Once the images are set aside, output the listing exactly as it stands.

Information provided below:

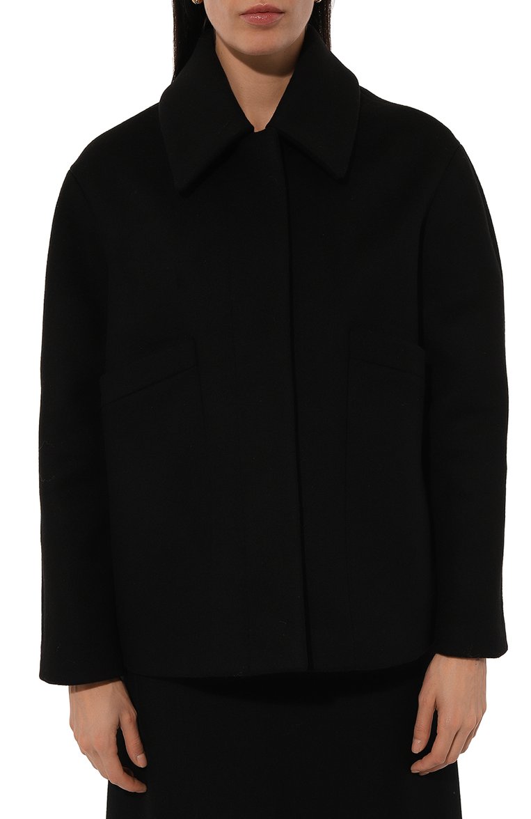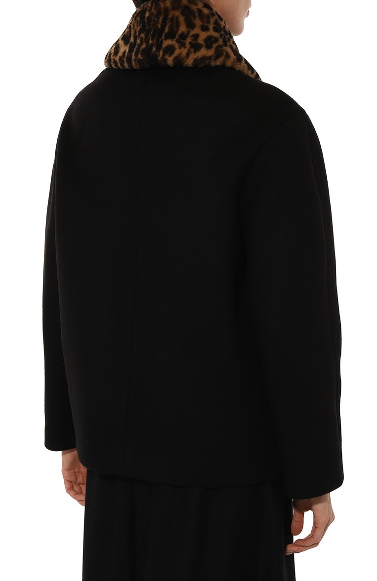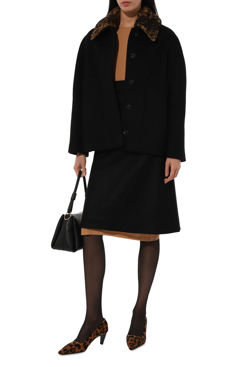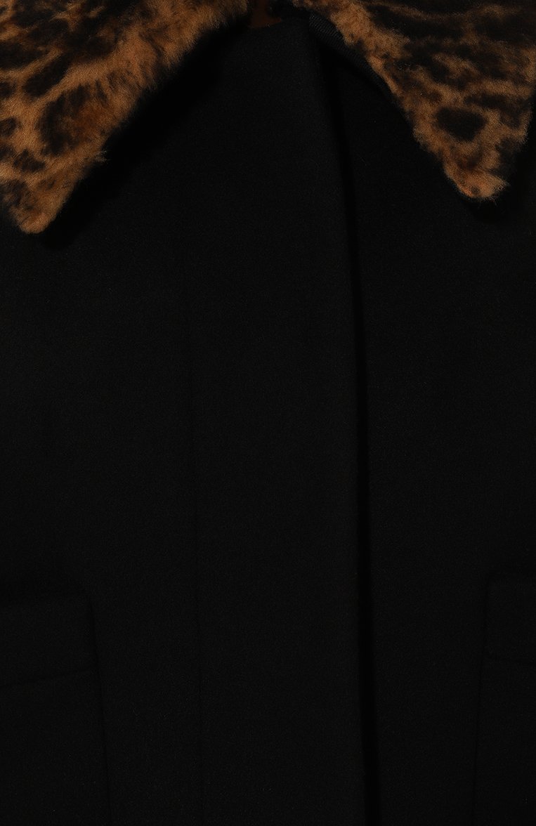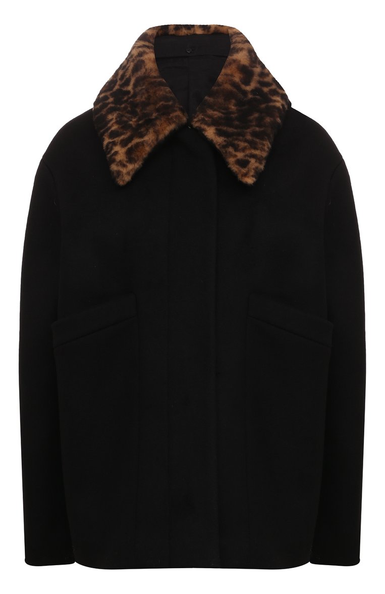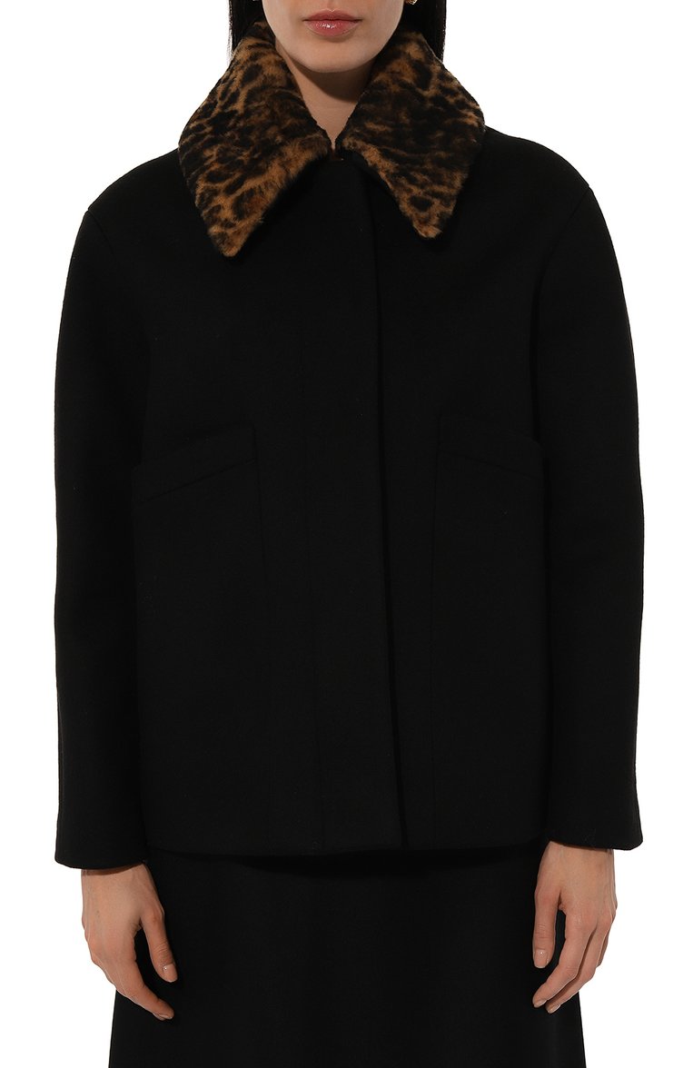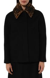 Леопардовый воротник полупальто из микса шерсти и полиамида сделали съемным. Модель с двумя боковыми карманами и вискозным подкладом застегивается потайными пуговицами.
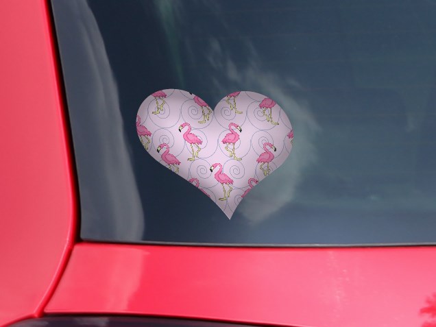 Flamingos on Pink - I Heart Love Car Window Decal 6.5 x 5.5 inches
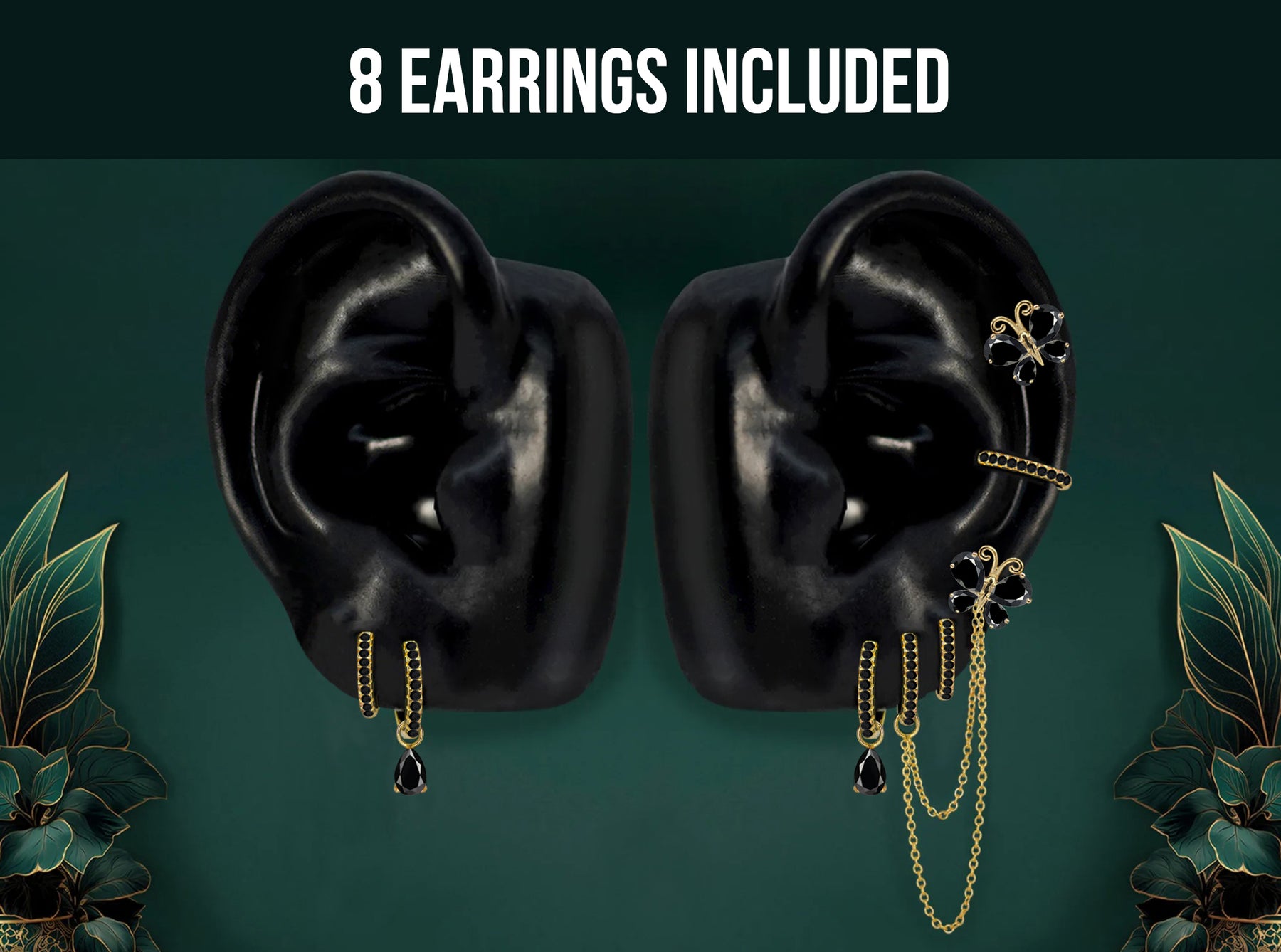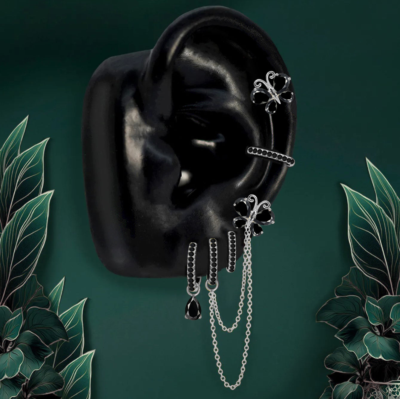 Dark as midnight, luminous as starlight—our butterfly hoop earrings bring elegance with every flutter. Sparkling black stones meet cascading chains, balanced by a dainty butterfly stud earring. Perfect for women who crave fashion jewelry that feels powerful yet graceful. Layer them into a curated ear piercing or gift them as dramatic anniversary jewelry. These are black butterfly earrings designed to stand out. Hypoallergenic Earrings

End of Information provided.

* **Written response**:
 Леопардовый воротник полупальто из микса шерсти и полиамида сделали съемным. Модель с двумя боковыми карманами и вискозным подкладом застегивается потайными пуговицами.
 Flamingos on Pink - I Heart Love Car Window Decal 6.5 x 5.5 inches
 Dark as midnight, luminous as starlight—our butterfly hoop earrings bring elegance with every flutter. Sparkling black stones meet cascading chains, balanced by a dainty butterfly stud earring. Perfect for women who crave fashion jewelry that feels powerful yet graceful. Layer them into a curated ear piercing or gift them as dramatic anniversary jewelry. These are black butterfly earrings designed to stand out. Hypoallergenic Earrings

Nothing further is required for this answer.